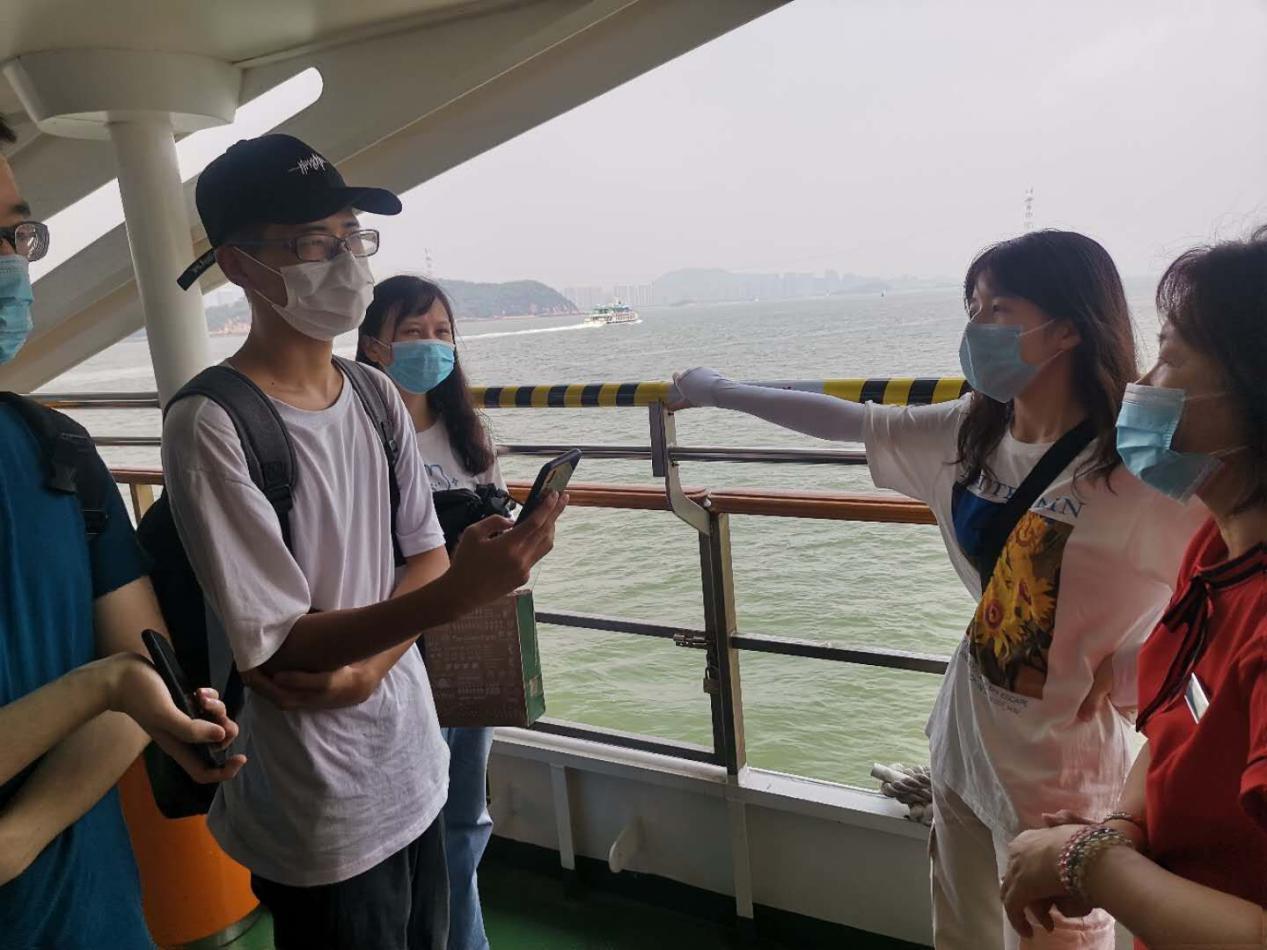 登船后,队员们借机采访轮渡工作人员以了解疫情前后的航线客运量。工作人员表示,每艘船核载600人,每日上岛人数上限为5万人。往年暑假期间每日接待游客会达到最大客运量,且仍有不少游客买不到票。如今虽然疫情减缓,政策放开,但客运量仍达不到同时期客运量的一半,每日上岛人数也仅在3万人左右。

==

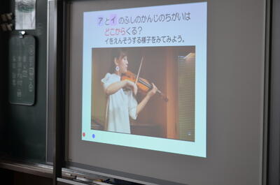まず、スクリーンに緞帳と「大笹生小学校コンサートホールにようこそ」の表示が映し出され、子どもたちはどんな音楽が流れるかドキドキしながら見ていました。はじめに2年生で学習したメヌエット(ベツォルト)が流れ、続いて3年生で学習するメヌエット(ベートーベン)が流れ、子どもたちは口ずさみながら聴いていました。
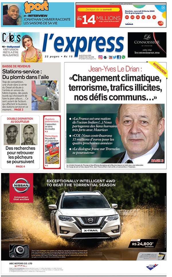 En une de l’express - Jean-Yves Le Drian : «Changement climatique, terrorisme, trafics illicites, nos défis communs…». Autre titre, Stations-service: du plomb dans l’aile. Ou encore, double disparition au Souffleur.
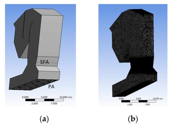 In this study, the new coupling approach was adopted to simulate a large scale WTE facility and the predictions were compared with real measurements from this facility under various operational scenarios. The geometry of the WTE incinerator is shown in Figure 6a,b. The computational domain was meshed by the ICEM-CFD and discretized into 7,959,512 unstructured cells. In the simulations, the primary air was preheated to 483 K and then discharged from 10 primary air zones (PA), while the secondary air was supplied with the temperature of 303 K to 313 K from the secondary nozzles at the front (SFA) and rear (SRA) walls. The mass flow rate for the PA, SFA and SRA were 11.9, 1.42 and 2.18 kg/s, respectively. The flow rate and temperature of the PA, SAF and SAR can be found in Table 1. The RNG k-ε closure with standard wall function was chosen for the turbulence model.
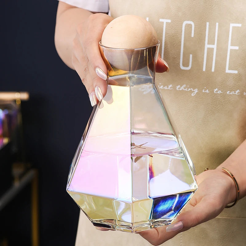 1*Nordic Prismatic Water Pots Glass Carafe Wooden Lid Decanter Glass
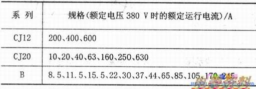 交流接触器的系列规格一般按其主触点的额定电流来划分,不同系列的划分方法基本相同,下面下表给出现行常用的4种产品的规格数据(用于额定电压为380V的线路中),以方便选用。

==

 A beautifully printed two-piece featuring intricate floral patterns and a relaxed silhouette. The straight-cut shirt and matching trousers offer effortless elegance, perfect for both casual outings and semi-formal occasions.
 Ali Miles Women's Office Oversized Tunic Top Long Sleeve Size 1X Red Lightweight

» Description of the task: Reproduce the entries exactly, from the line with "1*Nordic Prismatic Water" to the line with "交流接触器的系列规格一般按其", both lines included, keeping no pictures.

» Task response:
 1*Nordic Prismatic Water Pots Glass Carafe Wooden Lid Decanter Glass
 交流接触器的系列规格一般按其主触点的额定电流来划分,不同系列的划分方法基本相同,下面下表给出现行常用的4种产品的规格数据(用于额定电压为380V的线路中),以方便选用。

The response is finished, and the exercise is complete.